Working with children can stimulate every emotion, he said, from euphoria to sadness. Intellectual demands appear more in the form of thinking about the future, anticipating the problems that children with walking abnormalities might face and the correction of them.

Much of the work of the Motion Analysis Laboratory involves looking at kids who exhibit difficulty in walking early. Sutherland and his staff analyze each minute detail of the movement and flow of a child’s gait and make recommendations based on their findings. He works with children “all the way from 18 months to adulthood,” he said.

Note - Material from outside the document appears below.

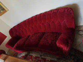 Jaguarrød lædersofa & læderstol /Mogens Hansen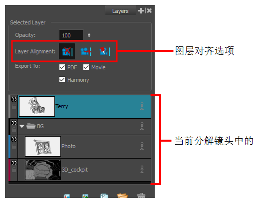 - 在“图层”视图中,选择要与摄像机对齐的图层。

Herman Woltring, an executive with Philips Medical System, is one of three foreign delegates attending the conference. He said the kind of technology in use at Children’s Hospital represents a “major breakthrough” in analyzing children’s walking. The equipment there makes it easier to recommend for or against surgery, he said.

“A lot of this equipment now available renders an analysis with a dramatically short turnaround time,” said Woltring, who is on sabbatical at the University of Technology in Eindhoven, Holland. “We used to do these manual film analyses that took forever. One stride of a child’s gait (now) takes half a second, but, with the old technology, it might take hours or day to analyze. It’s much quicker now.”

Overanxious Parents Are a Concern

“I’m very much intrigued with the fact that Dr. Sutherland tries to teach gait analysis in a medical context to people of different backgrounds,” Woltring said. “He has medical people, engineering people and physical therapy people all here, and that’s important, because you need all of those people in running a modern gait-analysis lab.”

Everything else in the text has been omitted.